The most expensive movie ever made is Pirates of the Caribbean: On Stranger Tides, which cost a whopping $410 million. That’s a pretty penny to be sure, but it’s less than half a percent of the most expensive human-made object in history: the International Space Station, whose price tag comes in at $100 billion. Launched in 1998 after more than a decade of careful (and often difficult) planning, the ISS is a collaboration between five space agencies: NASA (United States), Roscosmos (Russia), JAXA (Japan), ESA (Europe), and CSA (Canada). It has been continuously occupied since 2000, with a full-time international crew conducting microgravity experiments and other research.
For all that, the ISS almost didn’t exist in the first place. “There was never really a strong push to abandon it but there were threats,” according to Valerie Neal of the National Air and Space Museum in Washington, D.C. “It was very nearly killed by a single vote at one of the committees of the U.S. Congress.” Getting five space agencies representing the interests of 15 countries to work together was no easy feat, but few would argue that the results — including insights on disease treatments and drug delivery systems, the development of new water purification systems, and a better understanding of how bodies work in space — haven’t justified the financial investment.
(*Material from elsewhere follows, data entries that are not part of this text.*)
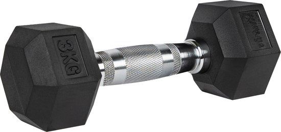VirtuFit Hexa Dumbbell Pro - 3 kg - Rubber - Zwart/Chroom - Per Stuk - Halters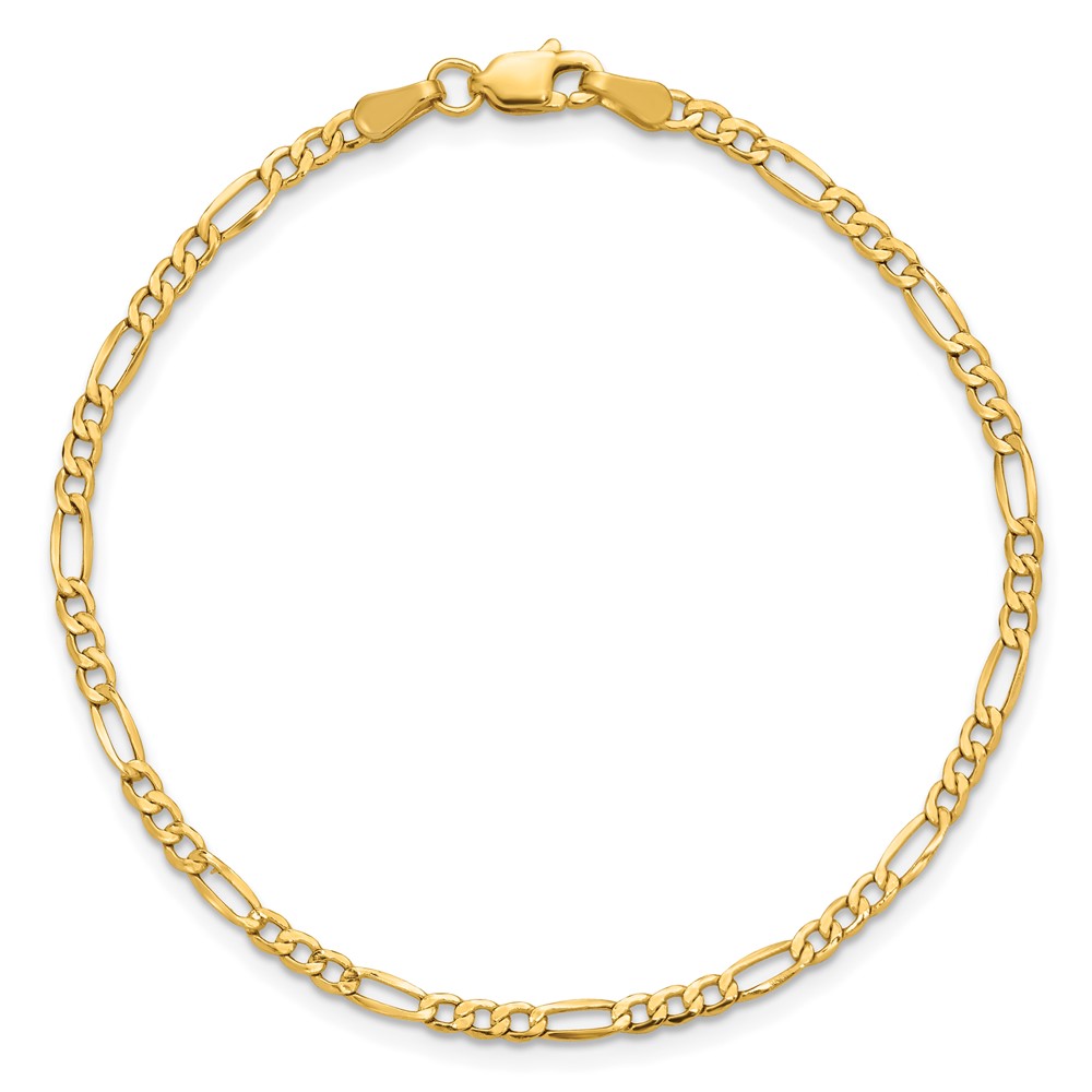 10k 2.5mm Semi-Solid Figaro Chain Anklet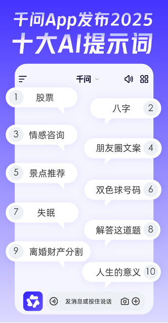 本報訊 (記者梁傲男)12月22日,千問App發(fā)布“2025十大AI提示詞”榜單,揭示了2025年人們使用AI的十大高頻場景,“股票”高居首位,遠(yuǎn)超其他工具性、生活類或情感類話題。這一結(jié)果不僅折射出人們對資本市場的高度關(guān)注,也標(biāo)志著AI正深度融入個人的投資決策。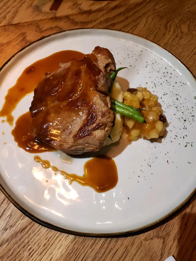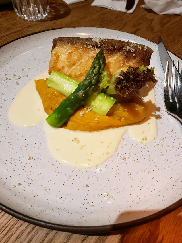 香煎軍曹魚扒🐟🐟、南瓜蓉、白蘆筍、青檸椰青忌簾汁:魚扒肉身夠厚,無任何雪藏味。而佢個南瓜蓉雖然係配菜,但就幾好食噃,有少少喧賓奪主嘅感覺。不過整體都好夾!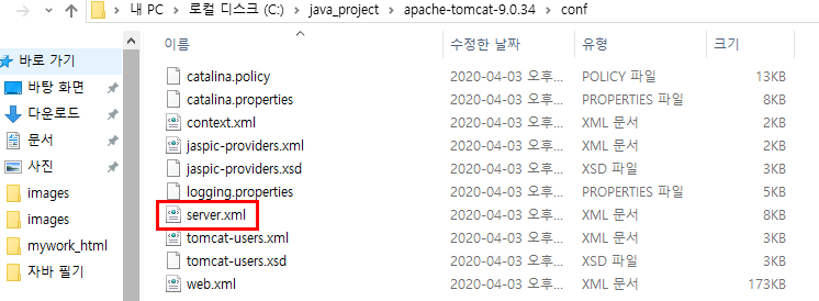 7. 압축을 해제한 폴더에서 conf 폴더 안의 server.xml을 실행한다.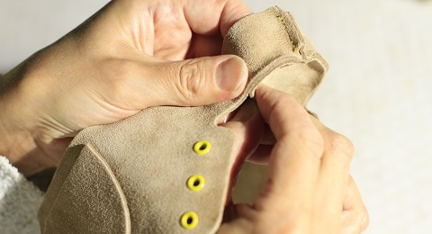 Cholewka i wyściółka bucików Gucio uszyta jest w całości z naturalnej skóry welurowej, pozyskiwanej w całości z Polskich garbarni.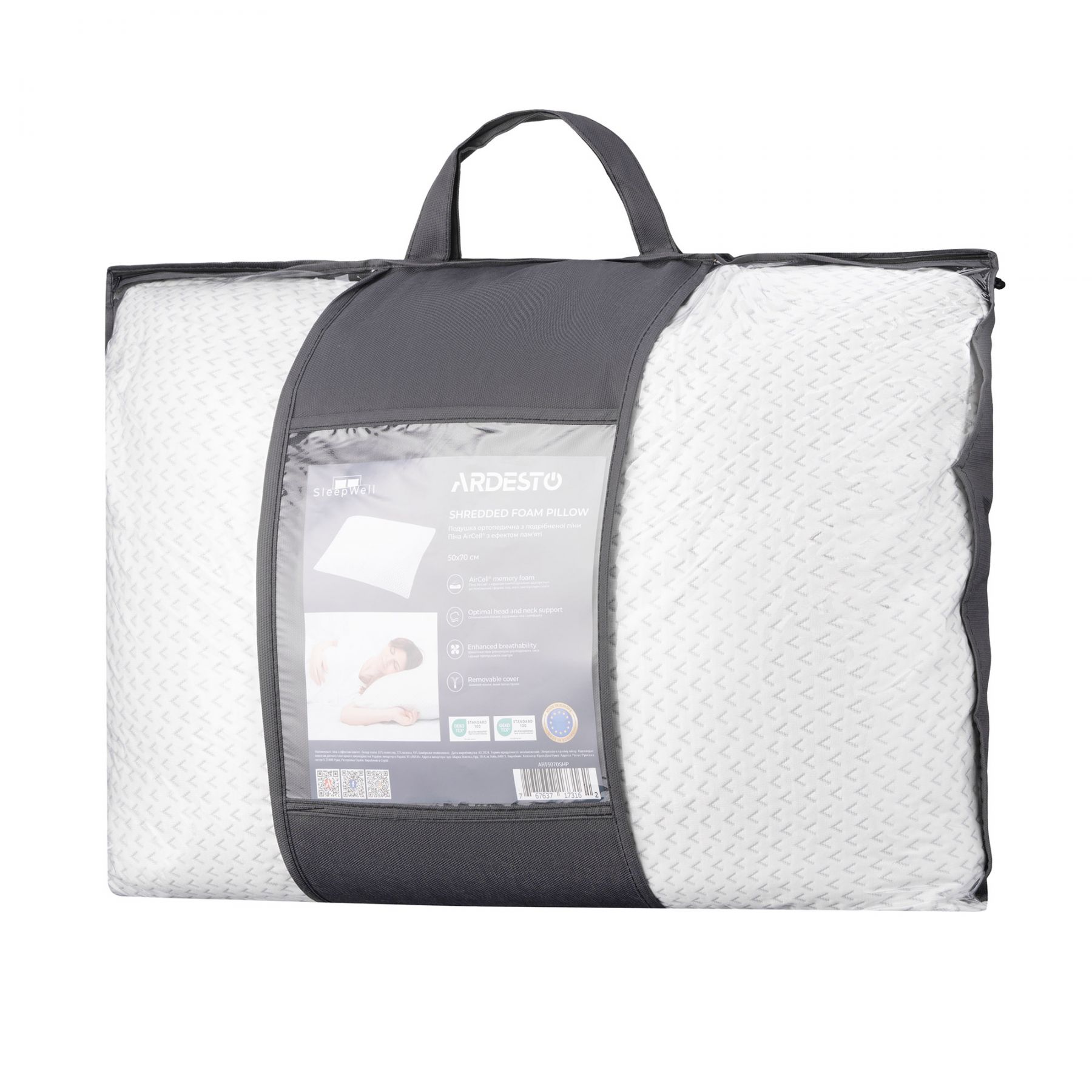 Ортопедична подушка серії Sleepwell – ключ до здорового сну та відпочинку. Завдяки наповнювачу з подрібненої піни AirCell з ефектом «запам’ятовування» контурів тіла вона забезпечує комфортне підтримання голови та шиї.

We tend to think of everyone in space as an astronaut, but the term (which comes from the Greek words for “star” and “sailor”) usually only refers to those from the United States, Europe, Canada, and Japan. Russian space explorers are called cosmonauts (from the Greek for “universe” and “sailor”). Less well known, but no less catchy, is the term coined in the West for Chinese astronauts: “taikonaut,” which comes from the Chinese word for “space” and Greek for “sailor.” The term is only used in the West — at home, Chinese spacefarers are known as yuhangyuan, which is derived from the words for “space” and “traveler.”